3 Reasons Netflix Is Still A Solid Growth Stock
Netflix (NASDAQ:NFLX) gained just 1.54 million subscribers in the second quarter ended June 30. Combined with its first-quarter results, Netflix saw an increase of nearly 5.5 million users this year. Worst subscriber performance since the first half of 2013.
The company also told investors last month that it expects to add 3.5 million subscribers in the third quarter, well below analysts' forecast (5.86 million).
This weak growth prospect is making many investors nervous and causing concerns for the company's post-pandemic period. Netflix shares have been virtually unchanged this year, with the NASDAQ Composite Index gaining more than 16%.
Could this underperformance of one of the most innovative media companies of our time be a worrying sign for long-term investors or new investors?
In the short term, Netflix may continue to underperform as subscriber growth slows after huge gains during the pandemic. But in the long run, Netflix's superior position remains, and in our view any downturn should be seen as a good investment opportunity.
3 Reasons Netflix Is Still A Solid Growth Stock:
1.Global Reach
The strongest argument for Netflix's rise is the company's expanding global reach. Although it has acquired about half of its potential customers in the US, it is still a small player in many markets in Asia, Africa and Eastern Europe.

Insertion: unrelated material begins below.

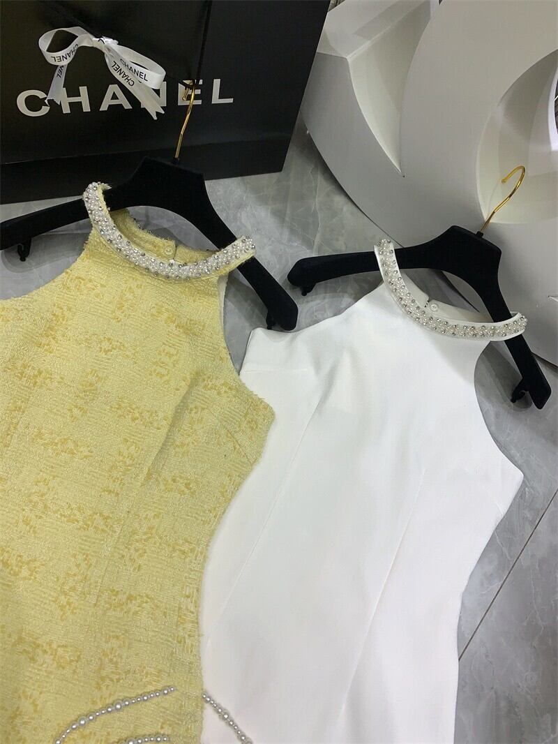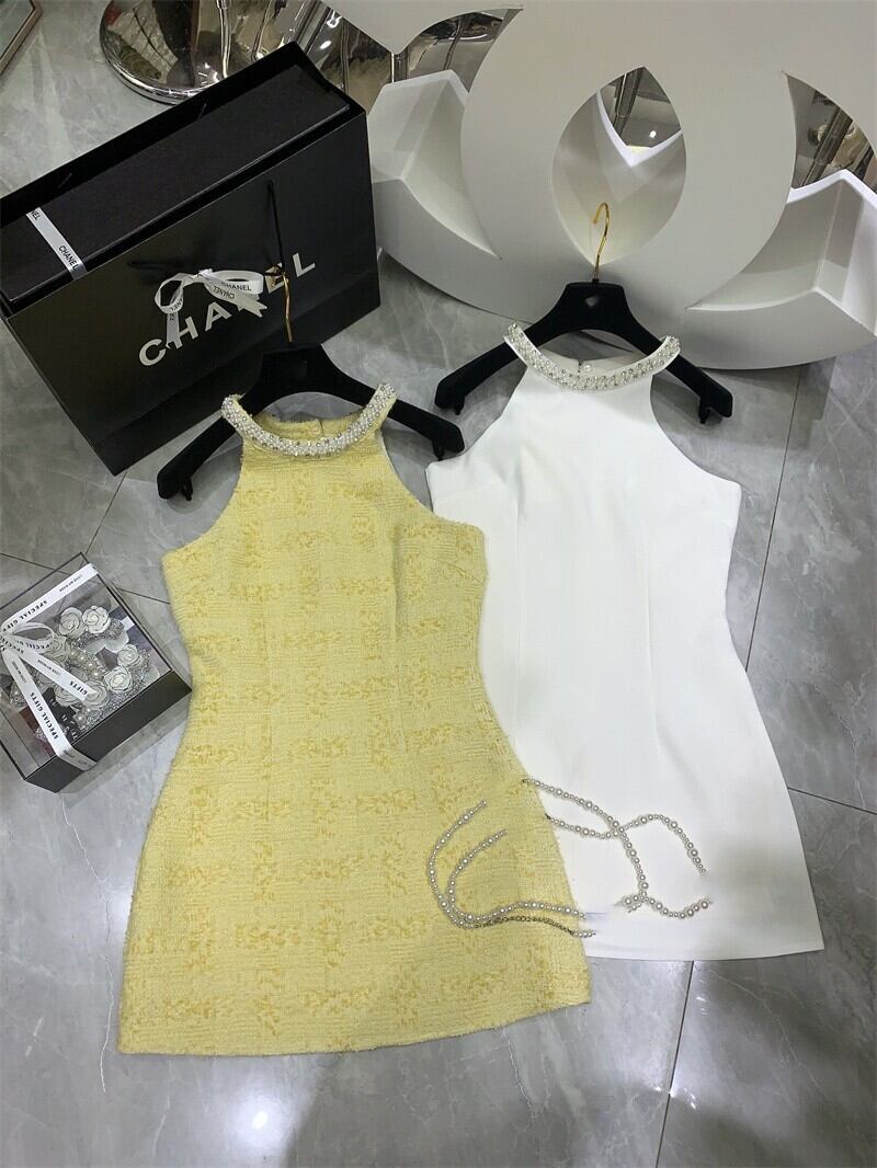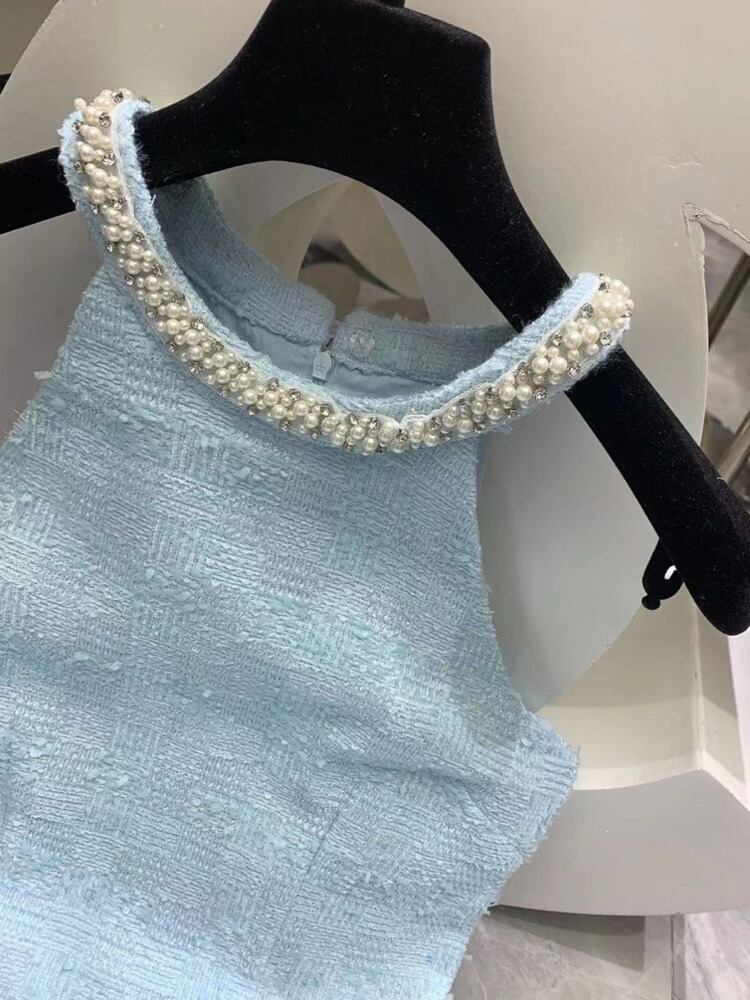 HotSweet 小さ香りツイードドレスフレンチ高級ダイヤモンドビーズホルターセクシーサマードレスローブ 大人ガーリー スウィート キュート カジュアル 夏物

The Asia Pacific region, NFLX's smallest location, was the region that generated the most new customers this year.
Netflix has acquired 209 million of the 800 million to 900 million households with broadband internet or pay-TV access. The company believes it can reach more than half of these people. Not only will it continue to grow in places like Asia Pacific and Latin America, but it will also continue to grow in the US, Canada and Western Europe.
Netflix's non-English films were also popular this year, attracting a large audience. “Lupin” from France, “Elite” from Spain and “Who Killed Sara?” from Mexico. All such productions attracted great attention.
2.Development in Financial Metrics
If the post-pandemic goal is to keep subscribers from unsubscribing, it's clear that Netflix is in a good position to win this race.
Despite the decline in subscription demand in Q2, Netflix's churn rate remained low compared to its competitors globally, pointing to the importance of a balanced library of original and licensed content, according to Parrot Analytics.
3.Adding Games
Leveraging its large global subscriber base, Netflix is working to diversify its revenue sources beyond video content and add games to its subscription options.
According to Newzoo BV, global consumer spending on gaming software is expected to reach $175.8 billion this year and exceed $200 billion by 2023. According to a report in the Wall Street Journal, the mobile gaming industry, which
Netflix is expected to focus on, is on track to generate about half of this year's revenues.
Bottom Line
There's no doubt that Netflix's pandemic-era subscriber boom is over, as the economy is reopening and people are trying to resume their normal activities. However, the company has managed to emerge from last year's unique environment much stronger.